Люба сидела в тёплом и уютном купе у самого окна. Она так торопилась, боялась не успеть к отправлению, но сейчас всё уже было хорошо.
Дел перед отъездом накопилось много, и женщина так устала, что предстоящая ночь в поезде была для неё настоящим спасением, передышкой перед непростой встречей. И теперь она мечтала только об одном — устроиться на полке и уснуть.
Здесь, в купе, немного отдышавшись, Люба смогла расслабиться. Она смотрела в окно на то, как поезд медленно набирает скорость, оставляя за собой полупустой перрон с немногочисленными пассажирами и неброское здание местного вокзала.
Поезд был проходящий, поэтому в купе уже находились пассажиры. Люба огляделась, чтобы понять, кто будет ехать с ней в эту ночь до той станции, где она должна утром сойти. О том, что будет там, когда Люба доберётся до места назначения, она старалась пока не думать.
Одна из верхних полок была пока пустой, на другой лежал парень в наушниках. Непонятно было, спал он или слушал музыку. Но глаза его были закрыты. На соседней нижней полке напротив, отвернувшись к стене, лежала пожилая женщина в тёплом байковом халате и платочке. Она вздыхала время от времени и пока не спешила поворачиваться к Любе, хотя было понятно, что старушка не спит.
Люба достала из сумки термос с горячим чаем, в который добавила малинового варенья, и пакет с пирожками. Поесть она сегодня так и не успела.
А сейчас, когда уже можно было расслабиться и до самого утра больше не думать ни о чём, решила поужинать, а заодно и пообедать. И хоть аппетита особого не было, но женщина понимала, что обязательно нужно поесть, иначе откуда взяться силам? А они ей были ой, как нужны сейчас.
Одной есть было неудобно. И Люба, помаявшись минуты две, всё же обратилась к пожилой женщине, предлагая той разделить с ней трапезу.
— Простите меня, ради Бога. Я слышу, что вы не спите. Не желаете пирожков свеженьких с картошкой? Есть ещё с рисом и яйцом, — произнесла она, в надежде, что бабушка откликнется. — Я сама пекла.
Пожилая женщина задвигалась, заворочалась, пытаясь повернуться к Любе лицом. Видно было, что даётся ей это с большим трудом — больные суставы затрудняли движение, и старушка покряхтывала и охала.
— Извините меня, если потревожила вас. Здравствуйте, — произнесла Люба, когда женщина повернулась к ней. — Просто одной есть, когда рядом люди, как-то нехорошо. А вместе веселее, верно?
Но когда пожилая женщина наконец-то села на полке, опустив ноги вниз и поправив на голове цветастый платок, Люба осеклась и охнула.

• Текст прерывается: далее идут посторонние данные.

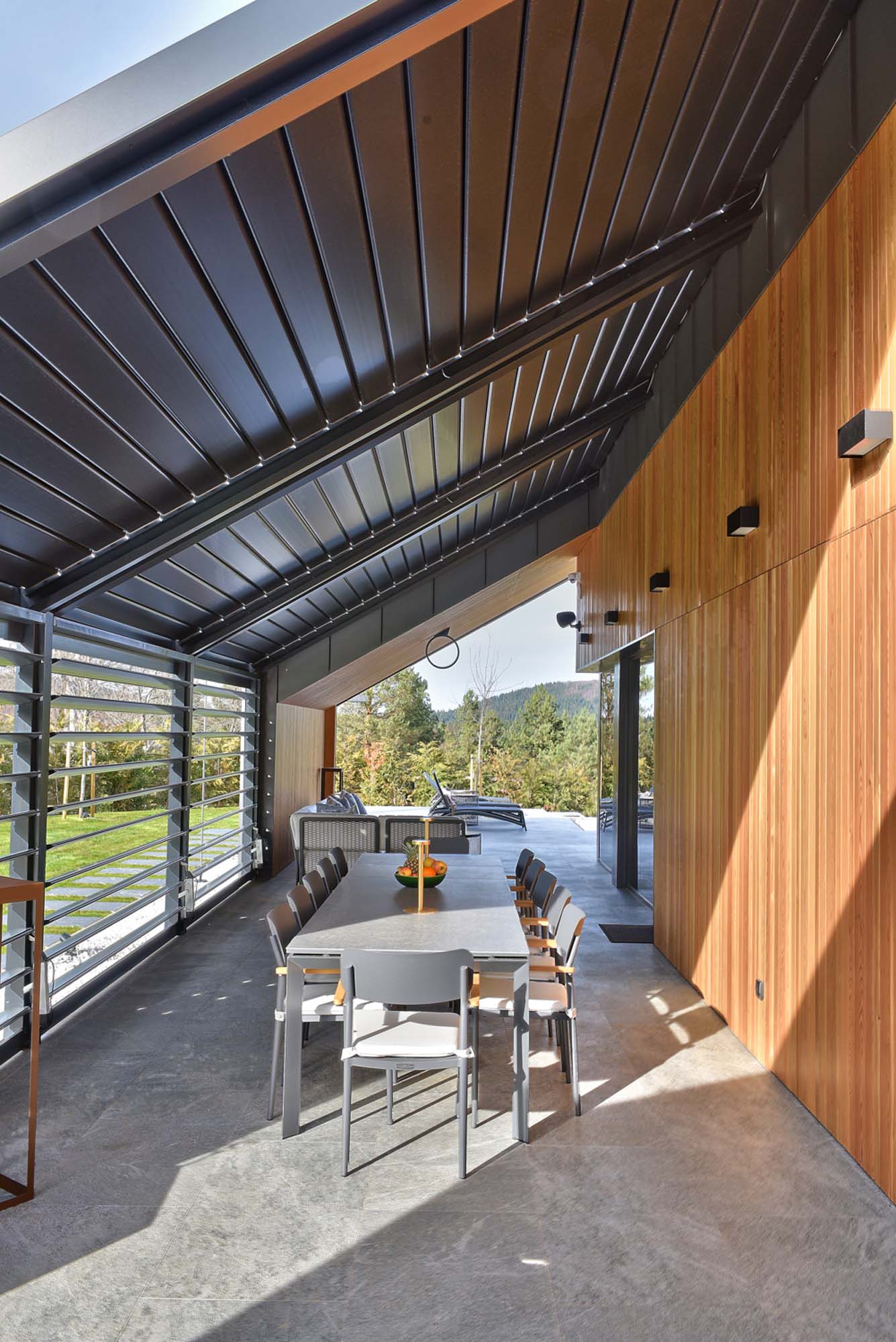 The surfaces of the living room and kitchen, flooded with natural daylight through the large windows with their mountain views, are finished with all the beauty of sedimentary rocks thanks to the Mystone Ardesia collection, installed here in Cenere colour (75x150 cm), which gives way in the large roofed patio to Mystone Quarzite in Platinum colour in the 60x120 cm size.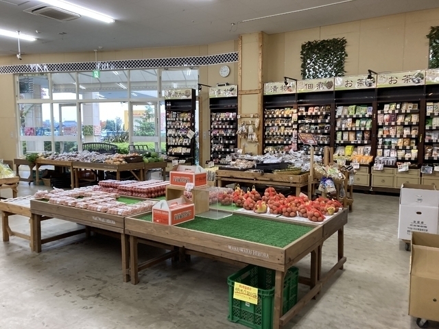 LALAガーデンにあるわくわく広場の支店ですが、こちらで知って初めて昼に訪れました。Q't店と同様ですが、こちらの方が広いせいか、陳列具合はゆったりで品揃えも多いように見えます。やはり近郊で収穫された果物や野菜等の農産物ばかりでなく、地元食品企業や他県産のちょっと珍しい加工品、特に惣菜やパン、弁当等がいろいろ陳列されています。野菜、生うどん、パンに昼食用の幕の内弁当を購入しました。店直近の駐車場も意外に空いているので、アプローチしやすい点はQ't店より良いところかな。

Анна Тихоновна, а это была, несомненно, она, пока ещё Любу не узнала. Она искала в кармане очки, чтобы получше разглядеть свою попутчицу, которая не дала ей спокойно полежать.

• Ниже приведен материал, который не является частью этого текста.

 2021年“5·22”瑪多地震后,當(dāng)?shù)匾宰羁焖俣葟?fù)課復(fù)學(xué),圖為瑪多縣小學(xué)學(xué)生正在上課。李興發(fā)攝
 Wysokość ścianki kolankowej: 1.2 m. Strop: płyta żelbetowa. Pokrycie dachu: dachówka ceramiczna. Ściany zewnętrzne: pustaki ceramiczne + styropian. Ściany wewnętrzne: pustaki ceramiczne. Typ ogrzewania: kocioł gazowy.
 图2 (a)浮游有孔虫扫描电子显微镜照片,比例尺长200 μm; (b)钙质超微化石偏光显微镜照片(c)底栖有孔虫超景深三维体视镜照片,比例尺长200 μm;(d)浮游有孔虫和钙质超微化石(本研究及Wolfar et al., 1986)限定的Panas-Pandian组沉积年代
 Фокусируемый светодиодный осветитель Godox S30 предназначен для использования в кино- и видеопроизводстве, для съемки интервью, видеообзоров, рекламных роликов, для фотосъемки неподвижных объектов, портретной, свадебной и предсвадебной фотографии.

Наконец очки отыскались, и старушка внимательно глянула на Любовь, застывшую в ожидании её реакции.
Бывшая свекровь не сразу начала говорить. Она какое-то время внимательно разглядывала Любу, веря и не веря в то, что видит перед собой именно её. Не совсем надеялась на своё плохое зрение, сомневалась и оттого пока молчала.
— Анна Тихоновна, здравствуйте, — первой начала Люба разговор. — Узнаёте меня?
— Да, теперь узнаю, Люба. Неужели это ты? Вот так встречу нам Бог послал! Никогда бы не подумала, что вот так можем с тобой встретиться, — произнесла она тихо, с расстановкой.
— Вы куда-то едете? — задала Люба следующий вопрос, потому что пока не знала, о чём говорить.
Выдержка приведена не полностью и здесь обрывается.